For nearly 30 years, there’s been a store holding the same spot on Halifax’s corner of Quinpool and Vernon. For some people who grew up in Halifax, it’s a staple part of the community. For many newcomers, it’s one of the first places they’ll hear about. The store’s business? Video rental. Its name? Video Difference.
“It’s an entity that’s a lot more than just going and renting a movie. That’s not its purpose. Its purpose is to keep people aware of the many aspects of films over and above the next Hollywood blockbuster [and] to really keep you honest,” says Michael MacDonald, a film student at NSCAD University and a volunteer at the Carbon Arc, a small independent cinema on Barrington Street.
MacDonald, who is currently trying to watch seven movies a week as he works through a list of mostly rare, must-watch films, gave up a potential career with NASA to pursue filmmaking.
He says he loves film “from the bottom of [his] heart,” and it’s the sort of love that defines the store’s small but loyal market.
“[Video Difference] is really a gathering point for people that are into film,” says Tom Michael, who has owned the store since it became Video Difference in 1982. “We particularly deal with cinephiles: people who are into not only cinema but good stories whether they’re film or television and people who have time that’s valuable and enjoy a premium viewing experience, so that’s our main focus.”
MacDonald and Kitty Aal, a fellow Carbon Arc volunteer who calls film an “enormous passion”, both say that they depend on Video Difference to find the rare film they’ll watch next.
Aal says she likes how the employees seem genuinely interested in film and in offering suggestions. She says the carpeting and the multiple floors sets it apart from “boxy” chain stores. She even compares going into a video rental store like Video Difference to going into a candy shop.
“It’s good that it’s [open] 24 hours too. I find that kind of random,” she says with a laugh. “It’s like devotion to the cause.”
That devotion and the sense of community is “the vibe of the thing,” says MacDonald who, in true cinephile form, adds that this is a reference to a 1997 Australian film called The Castle, which he’s quick to recommend.
He also says that Video Difference is vital to Halifax’s film watchers and makers. The store, MacDonald says, reminds people that films are important to think about and, through its “complex” organizational system, opens customers up to more rare and independent films.
But places like Video Difference are a dying breed, says Sujit Sur, an assistant professor in Dalhousie University’s School of Business Administration. Online video rental businesses like Netflix, which came to Canada in September 2010, allows the sort of online convenience that a place like Video Difference cannot offer. “You have to ensure you can provide something to your customers that makes your offering more attractive than just clicking and getting it on my computer,” Sur says.
Indeed, there has been a shift as businesses like Netflix and iTunes gain popularity. On Quinpool Road, which as recently as four years ago had three video rental stores, now only Video Difference and a franchise of the American video rental chain Blockbuster remain. And in September 2010, Blockbuster filed for bankruptcy.

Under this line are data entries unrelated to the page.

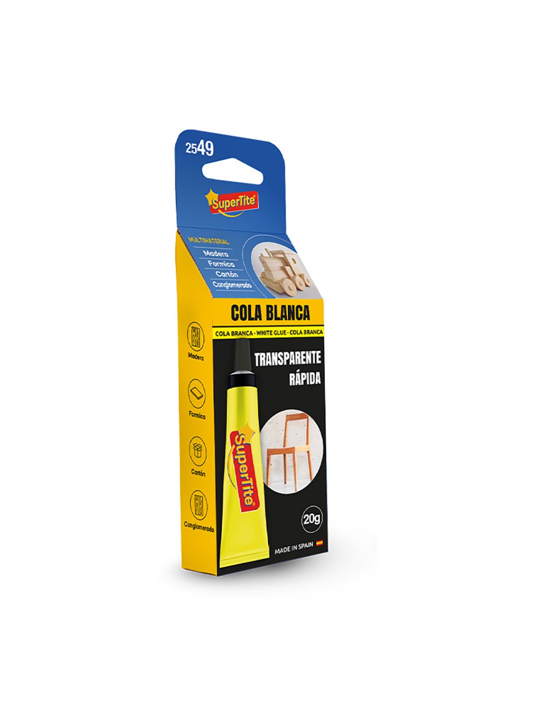 Cola blanca de gran resistencia para uso profesional, 20 g, secado rápido, cuando seca completamente, es transparente. para materiales de madera, cartón, formica y conglomerado
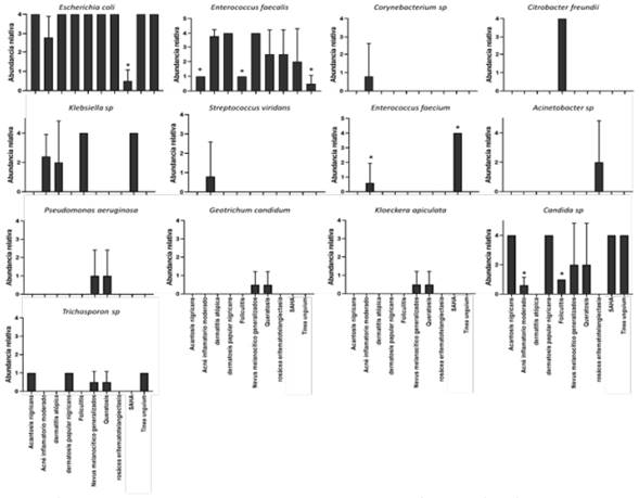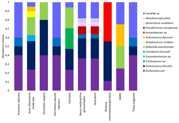 Una disminución significativa en el número de colonias de E. coli se relaciona con la presencia de signos clínicos relacionados a la rosácea y acné inflamatorio mientras que su abundancia se asoció a la presencia de patologías como acantosis nigicans, dermatitis atópica, dermatitis papular y queratosis. La acantosis nigricans y la dermatitis papular también se relacionaron con una disminución significativa de la bacteria Enterococcus feacalis. Se encontró un aumento en la proporción de Corynebacterium sp y de Streptococcus Viridans cuando los pacientes presentaban acné. Así, Citrobacter freundii y Klepsiella sp se presentaban en una mayor proporción en foliculitis.
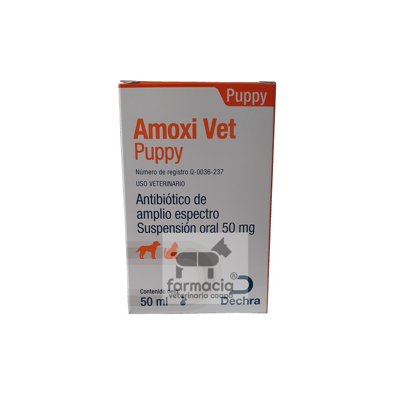 AMOXI VET PUPPY SUSPENSIÓN ORAL 50 ml Antiobiótico de amplio espectro. USO VETERINARIO Presentación: Frasco suspensión de 50 ml Fórmula: Cada ml contiene:Amoxicilina trihidratada ... 50 mgVehículo c.b.p. .............. 1 ml Indicaciones: Antibiótico de amplio espectro para el tratamiento de infecciones causadas por gérmenes sensibles a la amoxicilina localizadas en tracto digestivo, tracto urogenital, vías respiratorias superiores e inferiores nasofaringe, piel, tejidos blandos y para la profilaxis durante procedimientos odontológicos, así como complicaciones bacterianas.Uso en: Caninos y felinos Dosis: 1 ml/5 kg PC. Cada 8 -12 horas.A criterio del Médico Veterinario. Vía de Administración: Oral. Advertencias:  Ajustar las dosis en animales con alteraciones renales. Agítese antes de usar.
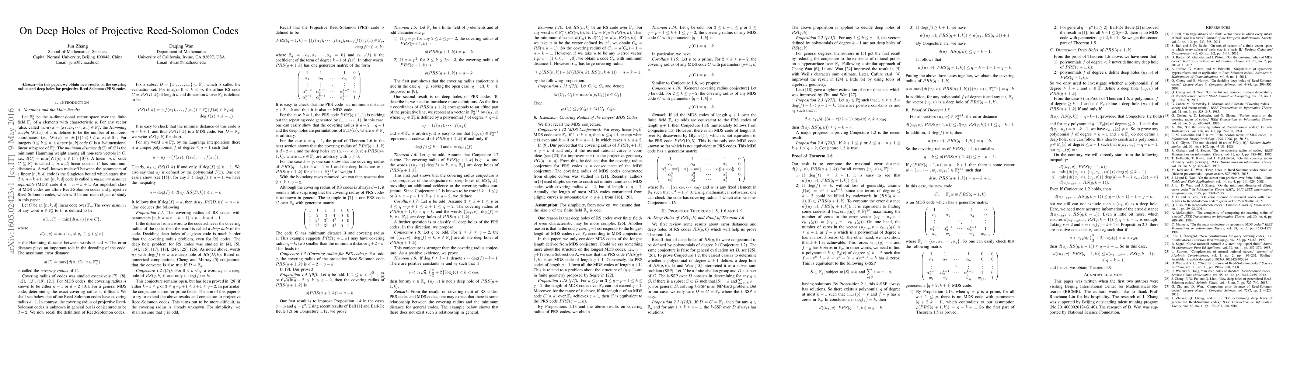 A novel approach was developed to determine deep holes in Reed-Solomon codes, which has significant implications for the design and analysis of error-correcting codes.
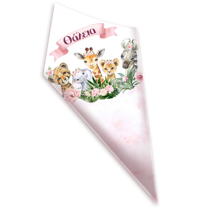 Στολίστε το candy bar ή το τραπέζι, με προσωποποιημένα χωνάκια ζαχαρωτών με θέμα Ζώα της Ζούγκλας σε κοριτσίστικες αποχρώσεις για να κεραστούν οι καλεσμένοι σας!
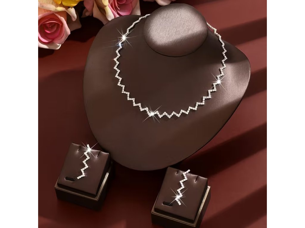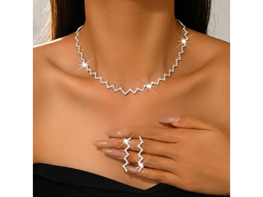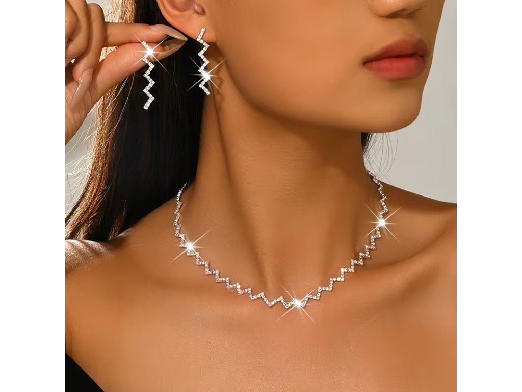 Tato moderní stříbrná štrasová souprava Sabrina složená z náhrdelníku a náušnic zaujme výrazným geometrickým cik-cak designem, který působí současně elegantně a originálně. Stříbrné provedení v kombinaci se štrasovými kameny krásně odráží světlo a dodává šperkům luxusní třpyt. Náhrdelník jemně kopíruje linii krku, zatímco náušnice zvýrazňují rysy obličeje a celý set působí výrazně, ale stále vkusně. Sada Sabrina je ideální volbou ke společenským, večerním i slavnostním šatům.
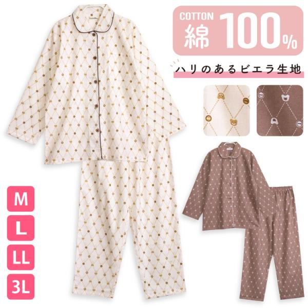 パジャマ レディース 綿100% 長袖 春 秋 前開き ボタン ほのぼのモノグラム クマ柄 M L LL 3L おそろい
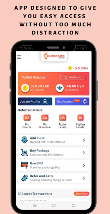 The Eldorado token Crypto wallet app is a User-friendly and secure android app that manages all the ERD token Crypto wallet operations. This Crypto app offers ERD wall et management and some exciting Crypto services using ERD tokens.
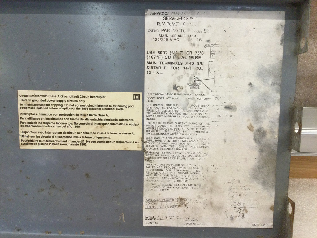 Square D 100 Amp 120/240V 1 Phase 3 Wire Type 3R Panel Cover 16.5" x 7 3/4"
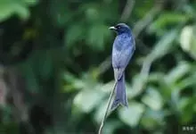 黑卷尾是雀形目卷尾科一属,又称铁练甲、铁燕子、铁林哥、羊蹄刺、榨油郎,体长约30厘米全身蓝黑色而具金属光泽,尾长且分叉较深。幼鸟似成鸟,金属光泽弱,下腹部具近白色的横纹。虹膜暗红色,嘴黑色,脚黑色。…全部>>
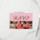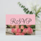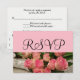 Mariage RSVP écrit dans un élégant script noir contre arrière - plan rose pastel, Roses rose pâle et joli bouquet verdoyant. Personnalisez l'envers en typographie noire contre un arrière - plan blanc immaculé. Photographie et design originaux de TamiraZDesigns.

Sur cautions against Michael’s strategy of appealing to a niche community. “These people can also change very quickly. [Michael] also has to have a wider customer base or he has to increase his customer base,” he says. “If you focus only on, let’s say, those 100 people that you’re surviving on, sooner or later some of them will move away.”
And in fact, Aal and MacDonald both say they only get to Video Difference once or twice a month. While both cite the expense, which can be as high as $6.29 a movie, MacDonald also adds that he finds it can be more convenient to rent online.
But Michael says he sees online rental businesses and free filesharing websites as threats that are not insurmountable.
“These are variables, you’d have to be blind to say they’re not. But they’re not really game changers,” he says. “In other words, someone who was using Netflix today was probably going to the different computer sites already to watch their television, for the most part.”
And that niche community, which Michael estimates as closer to two to three thousand, remains the ace up his sleeve. MacDonald says that he’s ready to help defend his passion: “I hope and I sense, if they were getting in trouble, they would have a call to action and the community would rally and start renting again, even though they might not need to because everything’s available online now,” he says.
But it is clear that the niche needs to grow its membership, and whether or not this video store can continue to add to that community remains to be seen. Even Aal is unsure.
“I think we [cinephiles] are a dying breed. I don’t see a lot of younger people sort of getting bit by that bug. The bug’s dead,” she says. “That experience of renting has just become more and more rare, so people won’t even miss it because they’ve never experienced it to begin with.”